Since incorporation and up to the date of this report, the Company has raised a total share capital of £800,000 (before costs), but the listing price implied a valuation of £1.26 million. The Company is well funded to meet anticipated costs leading up to completion of the Transaction and associated capital raising.
The total comprehensive loss for the six-month period to 31 March 2019 was £82,837, which was made up entirely of the Company's operating expenses.
Orom Graphite ProjectThe Company announced on 13 May 2019 that it had entered into Heads of Agreement with Consolidated Africa Limited ("CRA") and New Energy Minerals Africa Pty Ltd ("New Energy") for the proposed assignment to the Company of a binding option for it to acquire 100% of the share capital of Consolidated African Resources (Uganda) Ltd ("CARU"), a subsidiary of CRA, by way of a reverse takeover ("Transaction"). CRA has given its binding consent to the assignment of the option. CARU is a Ugandan registered company which is the owner of the Orom Graphite Project in northern Uganda.

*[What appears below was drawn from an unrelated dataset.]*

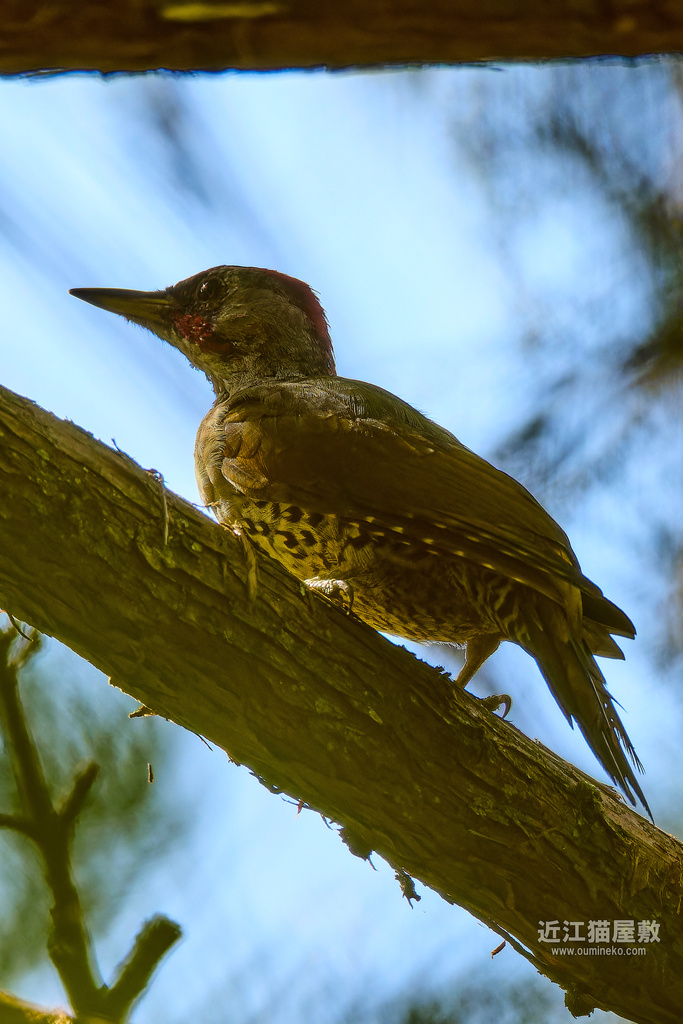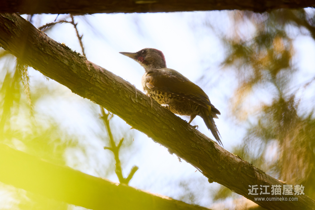 アオゲラ 枝被り&逆光

Blencowe will, subject to due diligence, exercise the option to acquire the entire share capital of CARU with the total aggregate consideration payable by the Company being £2,000,000 (two million pounds), to be satisfied in full by the issue of 33,333,333 new ordinary shares of the Company at an implied price of £0.06 per share, of which £500,000 will be payable to New Energy as consideration for the assignment of the option and £1,500,000 will be payable to CRA as the acquisition price for CARU. Completion of the Transaction will be conditional on Blencowe raising working capital for the enlarged group to further develop the Orom Graphite Project. As a budget and work programme for the Orom Graphite Project has not yet been agreed, the quantum of any such fundraise is at the date of this announcement still undetermined.
Whilst the principal terms of the Transaction have been agreed, the acquisition remains subject to due diligence, completion of the acquisition documentation, completion of the fundraising and re-listing of the enlarged group on the London Stock Exchange. Accordingly, there is no certainty that it will be completed. If the Transaction is completed, it will constitute a reverse takeover under the Listing Rules and will be subject to approval by shareholders of the Company at a general meeting.

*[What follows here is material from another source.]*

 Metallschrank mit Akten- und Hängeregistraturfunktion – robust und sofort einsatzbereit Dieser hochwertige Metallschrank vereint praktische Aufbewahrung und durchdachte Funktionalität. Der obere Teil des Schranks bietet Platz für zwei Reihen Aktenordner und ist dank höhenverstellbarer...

In accordance with the Listing Rules, the listing of its shares on the London Stock Exchange has been suspended, pending publication of a prospectus setting out details of the proposed Transaction and the fundraising (or in the alternative the Company announces that it has elected not to exercise the option).
We are pursuing a metal that has strong future for the next 20 years given that graphite is the largest component of the lithium battery. We believe that the Orom Graphite Project can be globally significant due to the high-quality product and scale of the target resource. The graphite is characterised by large and jumbo flake size with both high grade and purity that is in short supply for the battery metals sector. Also, the Ugandan government who are very keen to develop their mining sector, recently granted CARU a 21 year mining licence over 19sqkm of the Orom Graphite Project.

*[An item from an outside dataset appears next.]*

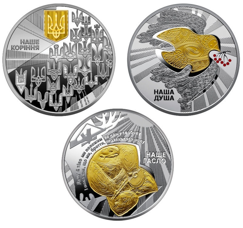 Набір із трьох срібних пам’ятних монет присвячений головним атрибутам української державності – гербу, прапору та гімну – як невід’ємним складовим національної ідентичності, глибоко вкоріненим у культурі, історії та ментальності українського народу. Тризуб як Знак Княжої Держави Володимира Великого уособлює історичну спадковість, духовну єдність та прагнення українців до свободи й самовизначення. Прапор, поєднуючи синій та жовтий кольори, знаменує добробут, природні багатства та процвітання України. Це кольори чистого неба і пшеничного лану, що були офіційно затверджені ще на прапорі Української Народної Республіки. Патріотична пісня “Ще не вмерла Україна” за півтора століття стала потужним символом боротьби за незалежність, що надихає наш народ на єдність та зміцнює почуття національної гордості.

Statement of Directors' ResponsibilitiesThe Directors confirm that this condensed interim financial information has been prepared in accordance with IAS 34 as adopted by the European Union and that the interim management report includes a fair review of the information required by DTR 4.2.7 and DTR 4.2.8, namely:
·; an indication of important events that have occurred during the first six months and their impact on the condensed set of financial statements, and a description of the principal risks and uncertainties for the remaining six months of the financial year; and
·; material related-party transactions in the first six months and any material changes in the related-party transactions described in the last Annual Report.
Future developmentsThe board of Blencowe looks forward to keeping shareholders informed of further developments in what we believe is a very exciting transaction.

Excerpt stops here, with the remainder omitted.